▶ _Your objective_
The part below that opens with the line containing "Поки ще пустує" and closes with the line containing "Auffällig ist sein" should be copied exactly, minus any pictures.

▶ _Available data_
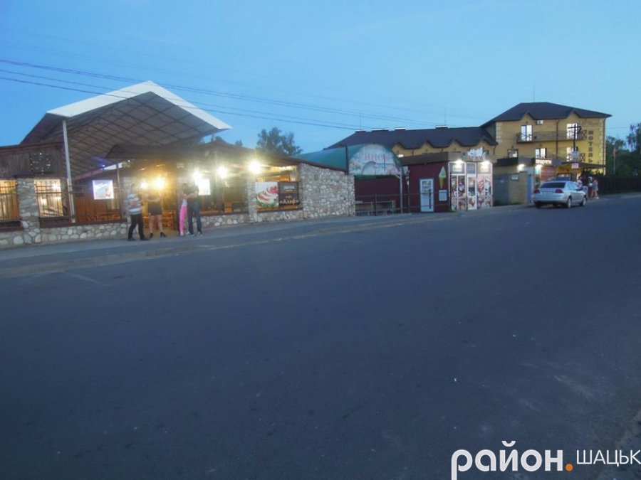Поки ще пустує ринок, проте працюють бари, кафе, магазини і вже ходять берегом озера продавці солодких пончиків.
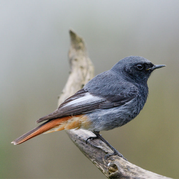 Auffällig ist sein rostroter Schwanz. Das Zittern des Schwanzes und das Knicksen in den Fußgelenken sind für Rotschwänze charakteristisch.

---

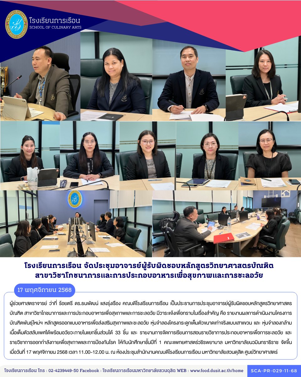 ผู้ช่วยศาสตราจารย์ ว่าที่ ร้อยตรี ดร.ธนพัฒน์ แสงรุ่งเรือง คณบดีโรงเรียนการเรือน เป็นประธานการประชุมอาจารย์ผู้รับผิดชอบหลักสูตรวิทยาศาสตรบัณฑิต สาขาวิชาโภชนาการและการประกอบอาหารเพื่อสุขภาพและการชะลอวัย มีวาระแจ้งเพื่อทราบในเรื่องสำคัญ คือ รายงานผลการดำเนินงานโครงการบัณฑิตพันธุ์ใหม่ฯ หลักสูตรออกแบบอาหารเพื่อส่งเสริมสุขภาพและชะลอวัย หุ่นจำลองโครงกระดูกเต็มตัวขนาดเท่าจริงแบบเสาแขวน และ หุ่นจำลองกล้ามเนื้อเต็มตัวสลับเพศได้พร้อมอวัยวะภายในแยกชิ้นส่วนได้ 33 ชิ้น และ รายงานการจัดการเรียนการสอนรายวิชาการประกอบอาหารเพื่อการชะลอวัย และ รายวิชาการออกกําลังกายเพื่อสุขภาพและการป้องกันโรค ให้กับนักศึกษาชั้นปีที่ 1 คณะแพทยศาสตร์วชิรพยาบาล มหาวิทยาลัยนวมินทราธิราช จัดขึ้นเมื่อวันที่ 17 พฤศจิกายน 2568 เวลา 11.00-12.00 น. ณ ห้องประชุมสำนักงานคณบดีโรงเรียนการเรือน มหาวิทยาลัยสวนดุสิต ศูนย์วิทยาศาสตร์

---

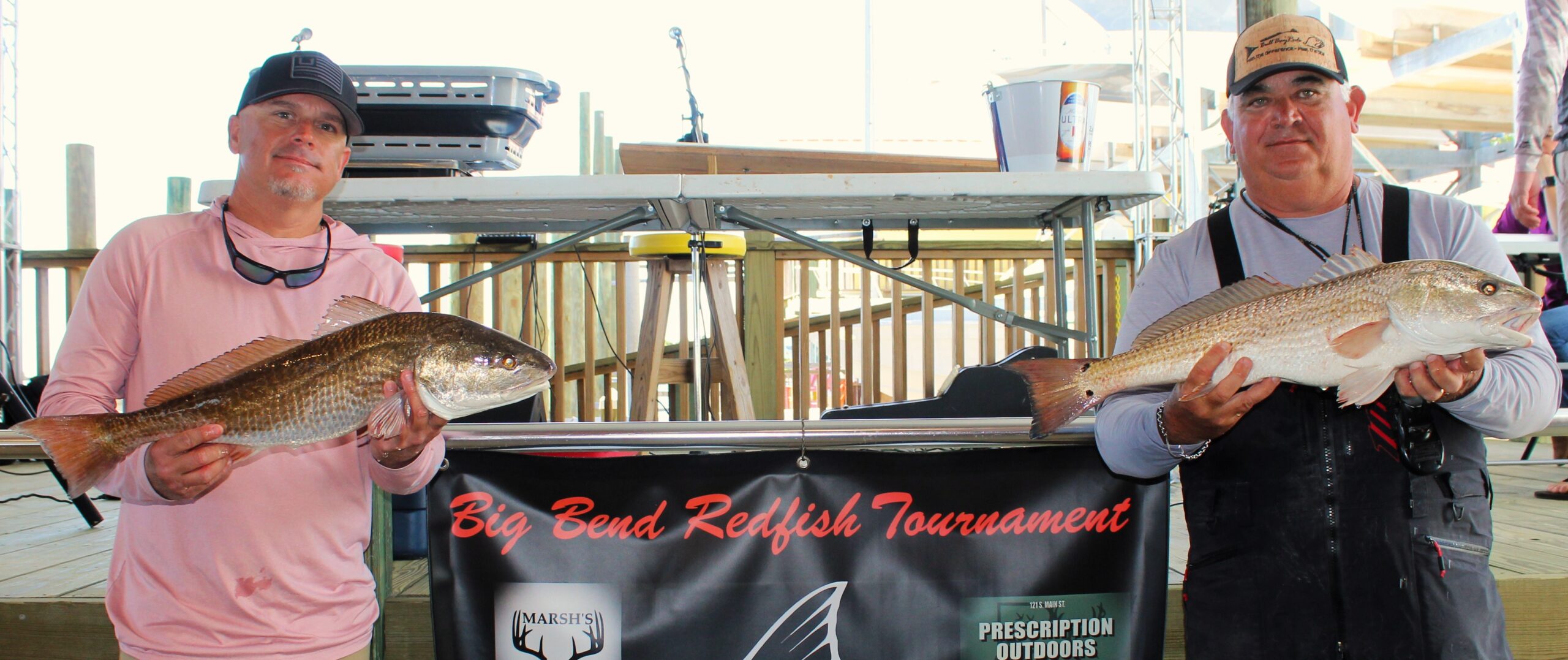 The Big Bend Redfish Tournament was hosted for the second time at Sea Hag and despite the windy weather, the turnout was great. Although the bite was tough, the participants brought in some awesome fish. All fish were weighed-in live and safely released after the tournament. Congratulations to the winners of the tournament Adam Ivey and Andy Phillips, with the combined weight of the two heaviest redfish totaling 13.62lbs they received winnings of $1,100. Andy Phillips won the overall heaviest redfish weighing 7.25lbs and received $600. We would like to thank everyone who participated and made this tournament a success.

▶ _Exercise response_
Поки ще пустує ринок, проте працюють бари, кафе, магазини і вже ходять берегом озера продавці солодких пончиків.
 Auffällig ist sein rostroter Schwanz. Das Zittern des Schwanzes und das Knicksen in den Fußgelenken sind für Rotschwänze charakteristisch.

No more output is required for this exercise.